With the rise of machine learning, it is common for organizations to think of any problem as a nail to hit with a machine learning hammer. In some cases, managers get over-eager to apply machine learning when simpler techniques may work just as well if not better.

To find the right fit for AI and ML, focus on solutions to business processes that are:

Labor Intensive. They require a lot of people to do simple, repetitive work.

Well Defined. AI does well with games like chess and Go, which have well-defined rules that confine player activity. Well-defined environments are AI’s sweet spot. Processes that require abstraction and high levels of reasoning are more challenging. An AI judge of criminal law, for instance, would need to not only know all the legal precedents, but make decisions in many legal gray areas in which highly intelligent humans passionately disagree. Training such a system and measuring its success would be a highly subjective process with no universally acceptable definition of human-level accuracy.

(Relatively) Relaxed. Getting a prediction accuracy of 80 or even 90 percent is often feasible. Getting to 99 percent, or 99.9 percent is very hard. You want a situation where 85/90 percent is good enough.

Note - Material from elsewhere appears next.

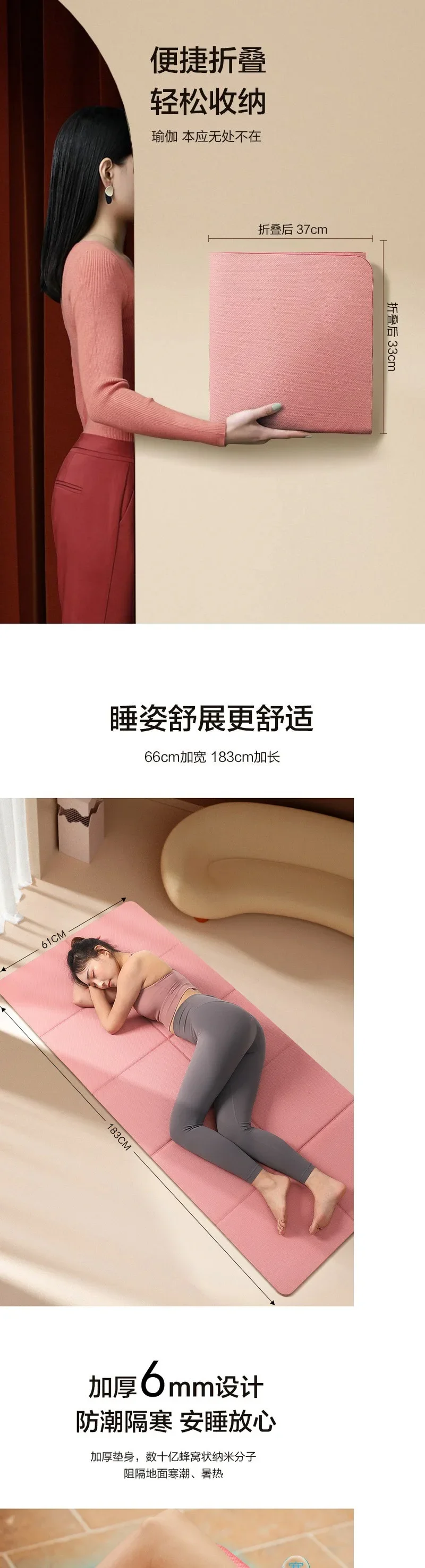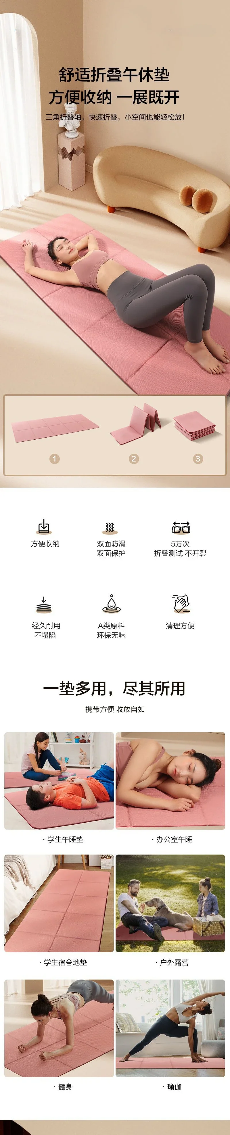 1. O tapete de ioga dobrável tem vincos para facilitar a dobragem passo a passo. Embalagem
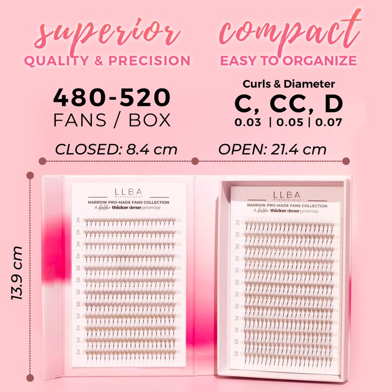 - ✅ VERSATILE & CONVENIENT: These LashFolio Narrow Promade Fans are compatible with LLBA's existing Promade Fans, allowing you to mix and match based on your client's preferences and desired lash look. Both mix lengths and single lengths available provide you with the flexibility to create a customized lash style for each client, while the vegan-friendly and cruelty-free materials allow you to confidently offer your clients stunning lash extensions without compromising your ethical values.

If you can accomplish your goal by building a simple set of rules, do so. It’s not wise to use machine learning simply for the sake of feeling like — or telling your boss — that you’re doing it. Chasing the latest trends and buzz can unnecessarily overcomplicate a process when a simple linear model would’ve sufficed.

Say your current problem is to predict aircraft engine failure. If you know that current voltage or speed above a certain threshold should raise a warning, you can just build a traditional program. Understanding that something is failing is relatively simple. But understanding why it’s failing can be more complicated and something that even engineering experts may not fully understand. In this case you might need machine learning: you collect all of the operational data for the engines and then have data scientists use ML algorithms to try to find the patterns in data.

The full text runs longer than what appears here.